DATA PROVIDED.
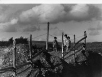 Fotografía en blanco y negro que muestra a tres niños pequeños detrás de una cerca de madera y alambre de púas. Se encuentran sobre suelo de tierra, en un entorno natural con arbustos y, al fondo, lo que parece ser un río bajo un cielo nuboso.
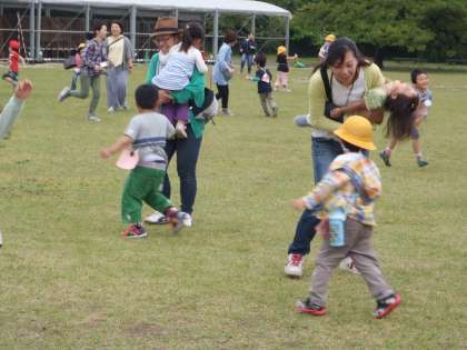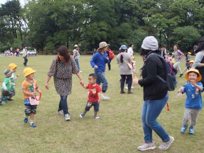 植物園に着いてからは,4・5歳の子どもたちはおうちの方と一緒に広い芝生でしっぽとりをしました。
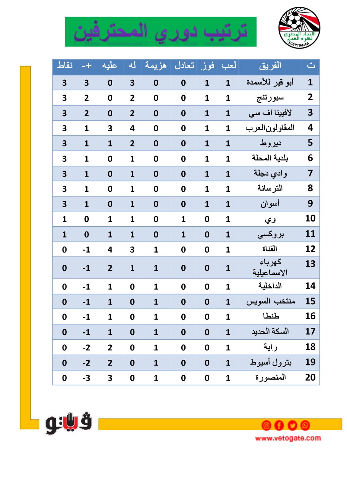 جدول ترتيب دوري المحترفين قبل الجولة الثانية

WHAT THE TASK ASKS. Return each line of the material exactly as written; exclude the pictures.

REPLY.
 Fotografía en blanco y negro que muestra a tres niños pequeños detrás de una cerca de madera y alambre de púas. Se encuentran sobre suelo de tierra, en un entorno natural con arbustos y, al fondo, lo que parece ser un río bajo un cielo nuboso.
 植物園に着いてからは,4・5歳の子どもたちはおうちの方と一緒に広い芝生でしっぽとりをしました。
 جدول ترتيب دوري المحترفين قبل الجولة الثانية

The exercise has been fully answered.